Nicola Sturgeon said it is still her intention to hold a referendum on independence before the end of next year.

The First Minister said there is no date for when the SNP will introduce a Bill at Holyrood for a referendum but that it would be decided soon.

Some in the independence movement have been frustrated at the lack of movement on a date for a second referendum and have been calling for plans to be speeded up.

The First Minister was asked why, having said several times since 2017 she believed there should be a referendum within a year, it has not happened yet?

Sturgeon said her focus for the last two years has been on the coronavirus pandemic but now that we are on a “downward slope” out of the omicron wave she said work was taking place to allow for a vote to be held next year.

She said: “I make no apology for the fact that over the last two years as First Minister I have prioritised steering the country through a pandemic.

"At the outset of the pandemic, I very clearly said we are putting plans for an independence referendum on hold, if only Boris Johnson had done likewise with plans around Brexit we wouldn’t be seeing some of the chaos associated with Brexit right now.

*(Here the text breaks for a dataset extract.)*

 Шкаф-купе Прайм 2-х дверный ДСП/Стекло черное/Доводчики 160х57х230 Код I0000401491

“But I am determined, I’ve won an election on this basis, to give people in Scotland the choice over our future and I believe when that choice comes people will choose an independent future." 

She added: “The key thing is that we will take these steps in a timescale that facilitate that referendum before the end of 2023, which is the commitment I made at the election and was elected on overwhelmingly at the election.”

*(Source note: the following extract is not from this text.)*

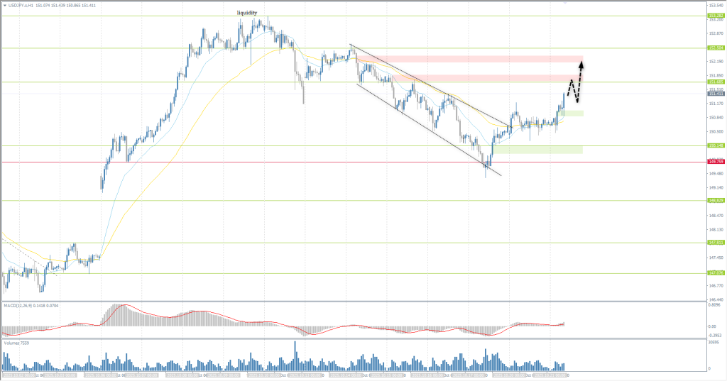 The medium-term trend is bullish. The price is likely to test the resistance level of 151.68. Intraday, you can consider buying trades up to this level. It is best to do this from the EMA lines. There are currently no optimal market conditions for selling trades.

On Saturday several hundred independence supporters marched through Glasgow calling for Boris Johnson to resign as Prime Minister of the UK over the lockdown party scandals and for Scotland to leave the UK.

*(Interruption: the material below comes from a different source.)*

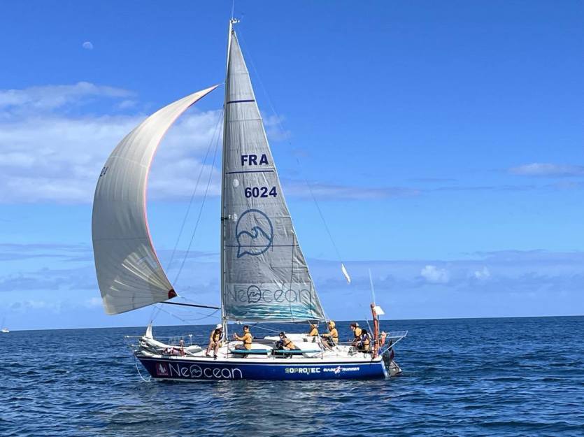 Blade Runner, le plus petit bateau de la régate, un monocoque de 9 mètres. Photo BRLe parcours prévoit également quatre points de passage obligatoires : le Phare Amédée, le Cap N’dua dans le Grand Sud, et les Cornes Est et Ouest au nord des îles Bélep. Un itinéraire qui "fait rêver" selon l’organisation. "Les marins naviguent entre récifs, tortues, baleines, atolls et îlots."

Sturgeon was asked on the BBC’s Sunday Morning Show, why support for independence was not higher as a result of the scandal engulfing Boris Johnson.

Sturgeon said: “If you’d told me when I was a much younger politician that 50 percent support for independence would be seen as some kind of failure, I would have grabbed that with both hands.

“Support for independence, I believe, is rising. When Scotland comes to choose, we will choose independence not just because of the current occupant in Number 10 but what that is illustrating very powerfully is the fact that Scotland too often ends up with things imposed upon us like Brexit for example for being government by people and by parties that we don’t chose.”

The protest group All Under One Banner lead the “emergency march”.  

Plans for the event estimated around 5,000 people would take part, but AUOB later claimed around 1,000 supporters joined.

A statement by AUOB  read:“This is a great turnout considering the short notice, the early start time and mass gatherings are only just permitted. The fight for independence is on!”